A web application for recognizing and managing data from Dutch invoices, forked from MatKollar's Invoice OCR App which focuses on Slovak invoices.
This web application is a fork specifically tailored for the recognition and management of Dutch invoices. Users can upload invoices to the platform where various preprocessing methods can be applied to optimize OCR results. Available OCR methods include Tesseract and PaddleOCR for text recognition.
The application extracts key information from the recognized text, such as VAT numbers, IBAN, SWIFT codes, and the total amount payable, allowing users to manipulate this data as needed. The app also supports the creation of organizations where invoices can be shared among multiple users. This system streamlines invoice processing, saving time and improving accuracy.

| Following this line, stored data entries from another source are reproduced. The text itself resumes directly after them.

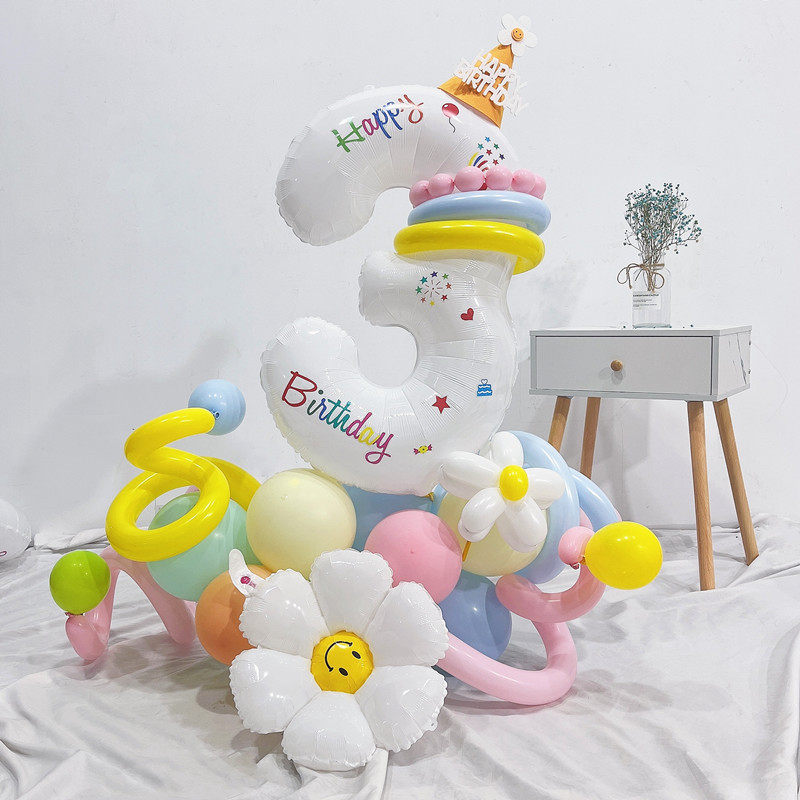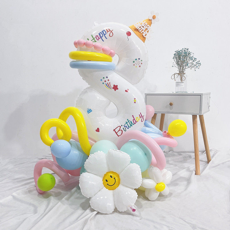 Белый цифровой воздушный шар, столб, дорожный путеводитель, большая сцена для 100-летия ребенка, украшение для фото с ромашкой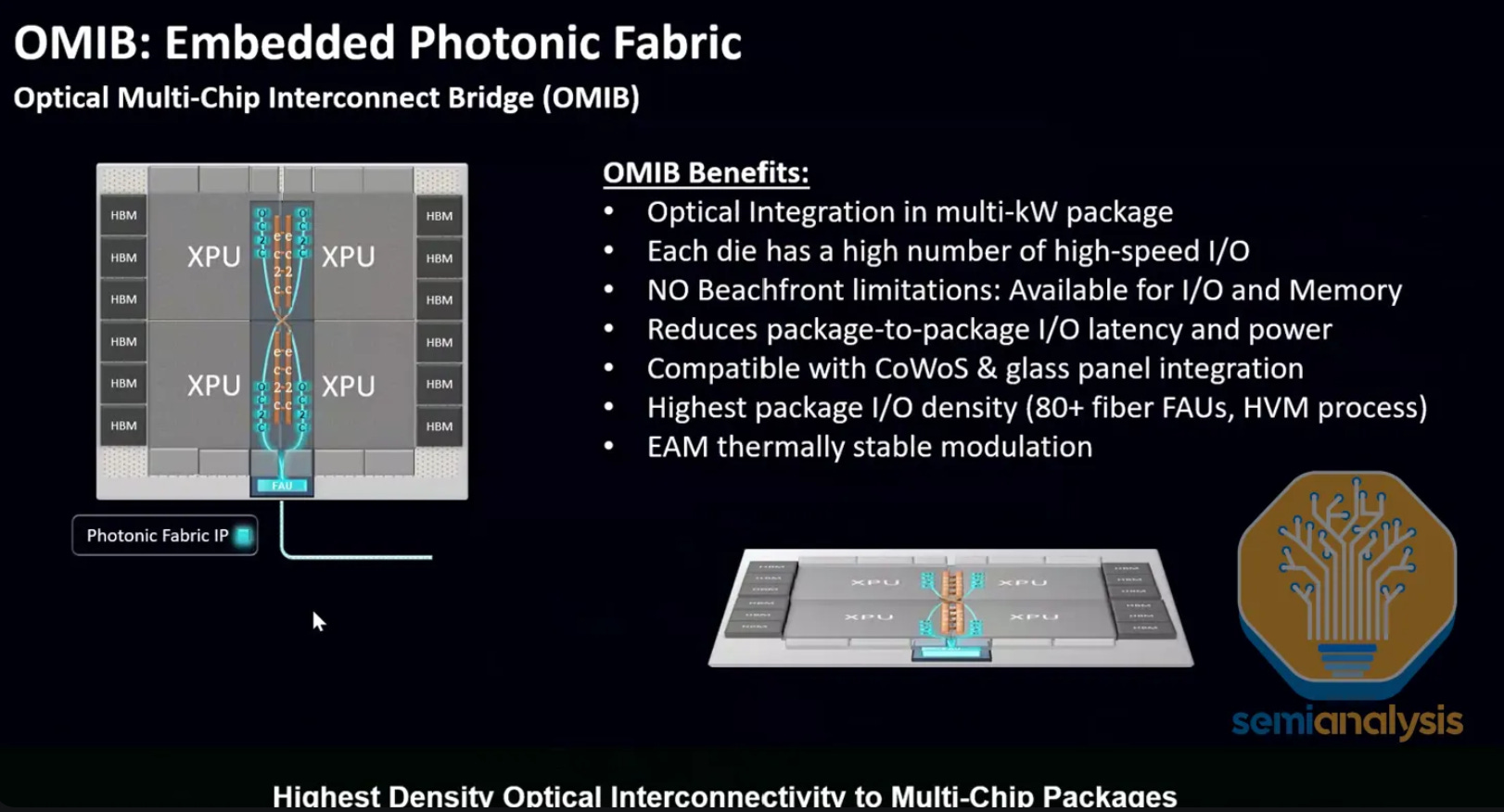 Next, the Photonic FabricTM Optical Multichip Interconnect BridgeTM (OMIBTM) is essentially a CoWoS-L style or EMIB style packaging solution. It adds photonics directly onto the embedded bridge in the interposer so that the bridge can move data directly to point of consumption. It offers higher overall chip bandwidth than PF Chiplets, as it is not limited by beachfront constraints.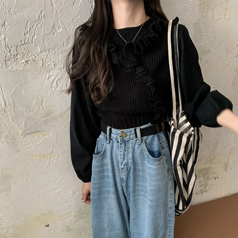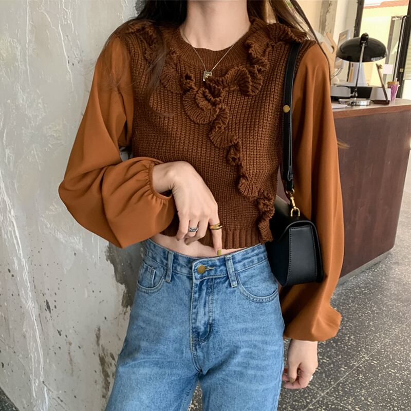 レースプルオーバー ラウンドネックニット セータースリーブ 袖クロップドトップス レディース かわいい 可愛い ガーリー 大人可愛い 大人かわいい フェミニン 大人ガーリー ステッチ 女性 レディース ゆめかわ22546913971 | nice import1

Here is a list of features included in the application:
- Recognize and extract information from invoices in image or PDF format
- User registration and authentication
- The system allows users to select preprocessing and OCR methods
- The system extracts key details from invoices, including VAT number, IBAN, SWIFT code, and total amount payable
- The system stores invoice data in the database
- The system enables searching and filtering invoices based on extracted data
- Ability to view, edit, and delete recognized invoices
The Invoice OCR App is built using the following technologies:
- Python: For backend development
- Flask: Manages the backend server
- React: Powers the frontend user interface
- OpenCV: Handles invoice image preprocessing
- Tesseract OCR & PaddleOCR: Manages text recognition from invoices
- PostgreSQL: Database for storing invoice details and user data
- Docker: Ensures a smooth setup through containerization
Follow these steps to get the application up and running:
-
Clone the repository
git clone https://github.com/Slouserg/Invoice_OCR_app.git
-
Navigate into the project directory
cd Invoice_OCR_app
-
Build the Docker image
docker-compose build
-
Run the Docker container
docker-compose up -d
-
The application should now be running at http://localhost:3000
-
After initialization, an admin user is automatically created with the login email and password: admin, admin.
- Implementation of NER (Named Entity Recognition) for more advanced data extraction
- Support for additional language models
- Expanding data extraction to support international invoices
This version is forked from MatKollar's Invoice OCR App and has been adapted for the processing of Dutch invoices.